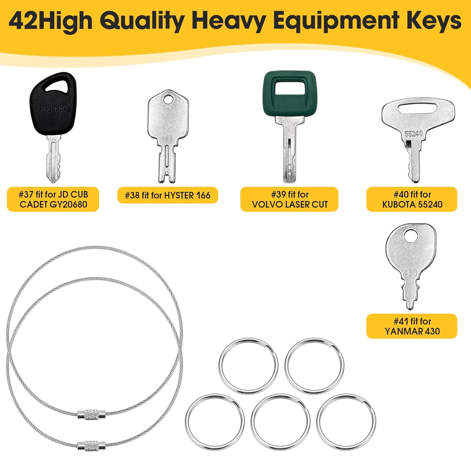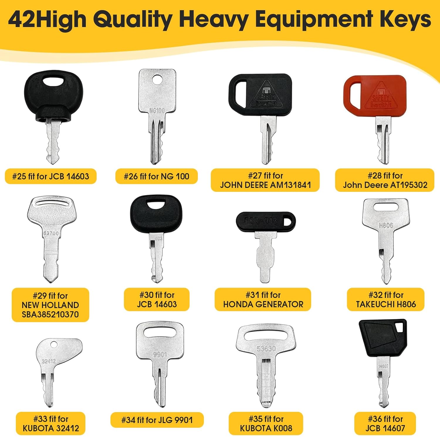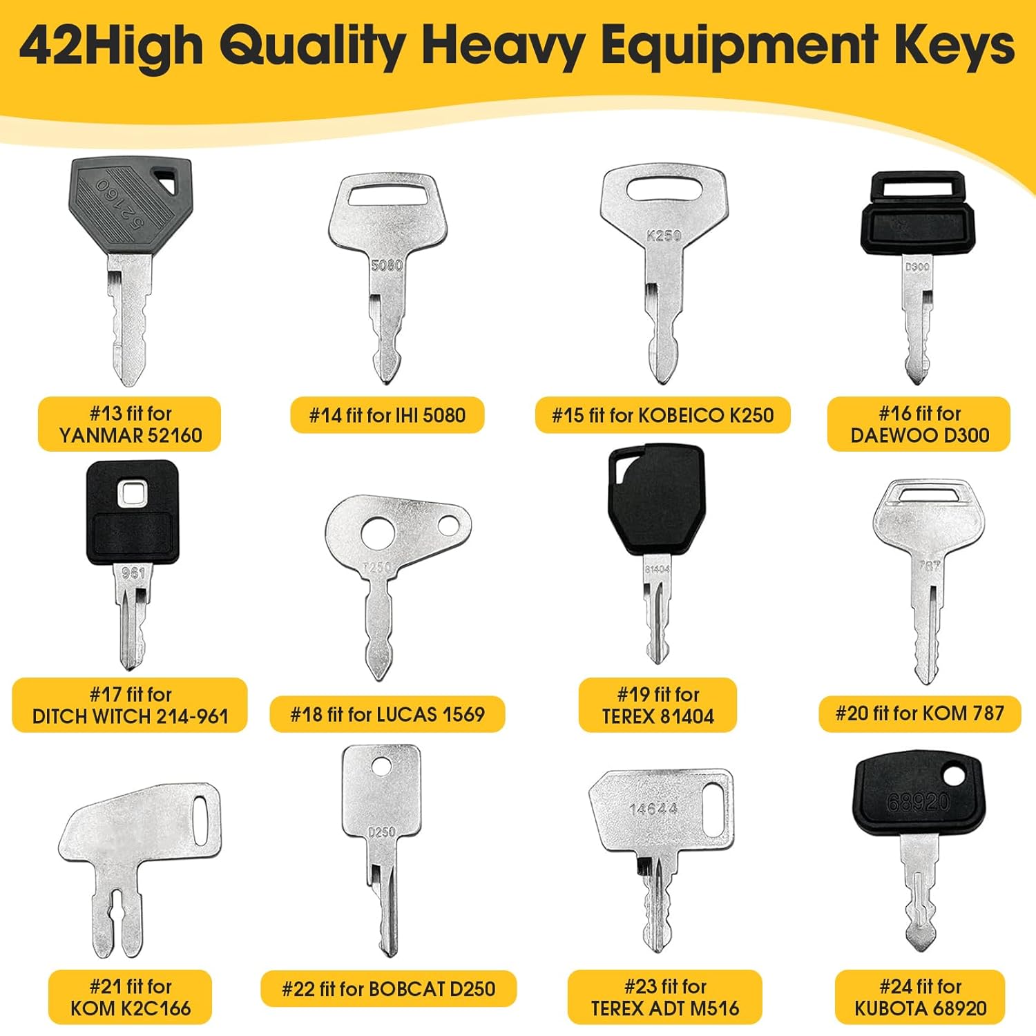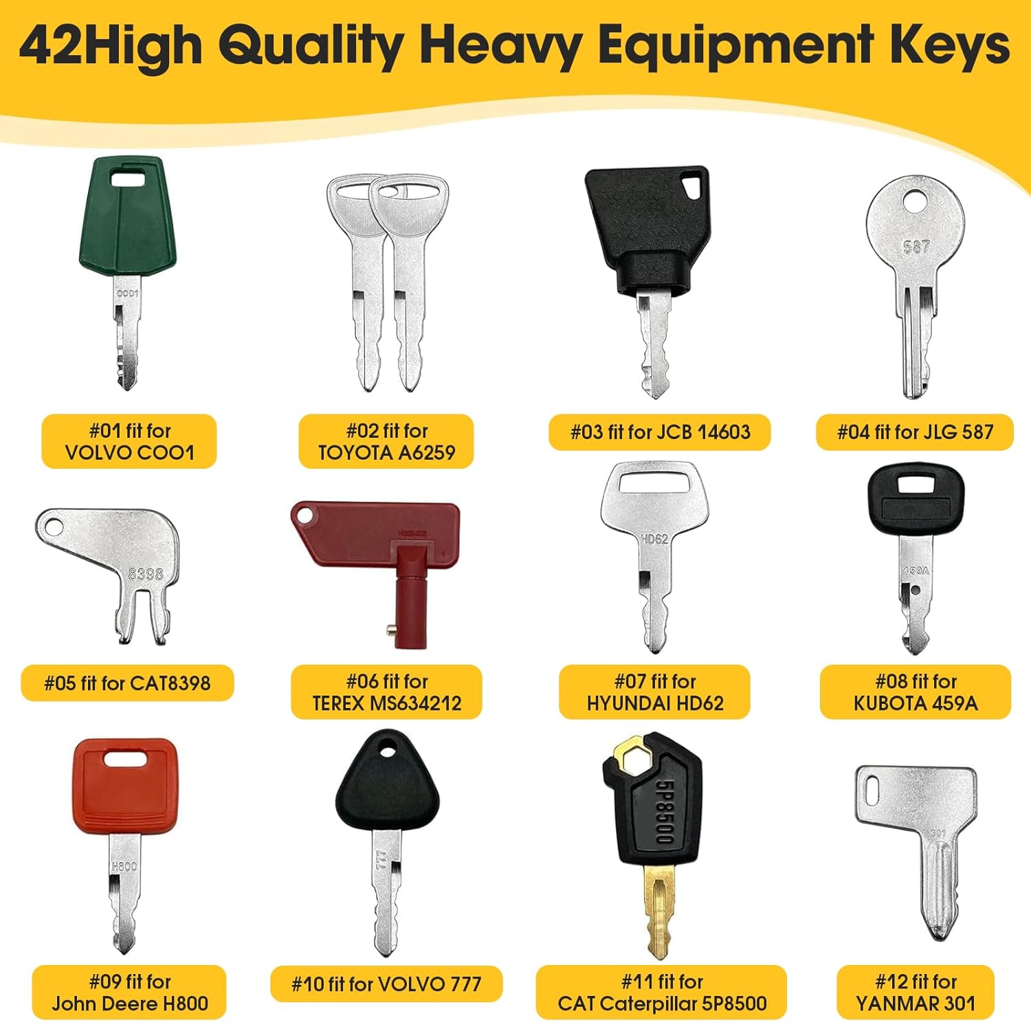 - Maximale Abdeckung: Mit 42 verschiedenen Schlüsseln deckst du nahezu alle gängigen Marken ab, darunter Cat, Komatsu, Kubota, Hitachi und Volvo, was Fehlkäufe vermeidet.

* * *

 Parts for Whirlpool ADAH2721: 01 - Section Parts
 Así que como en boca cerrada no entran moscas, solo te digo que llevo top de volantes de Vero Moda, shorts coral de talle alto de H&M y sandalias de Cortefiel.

◆ **WORK ITEM**
Reproduce exactly the lines above from the line with "Parts for Whirlpool" to the line with "Así que como", including both, and add nothing.

◆ **TASK ANSWER**
 Parts for Whirlpool ADAH2721: 01 - Section Parts
 Así que como en boca cerrada no entran moscas, solo te digo que llevo top de volantes de Vero Moda, shorts coral de talle alto de H&M y sandalias de Cortefiel.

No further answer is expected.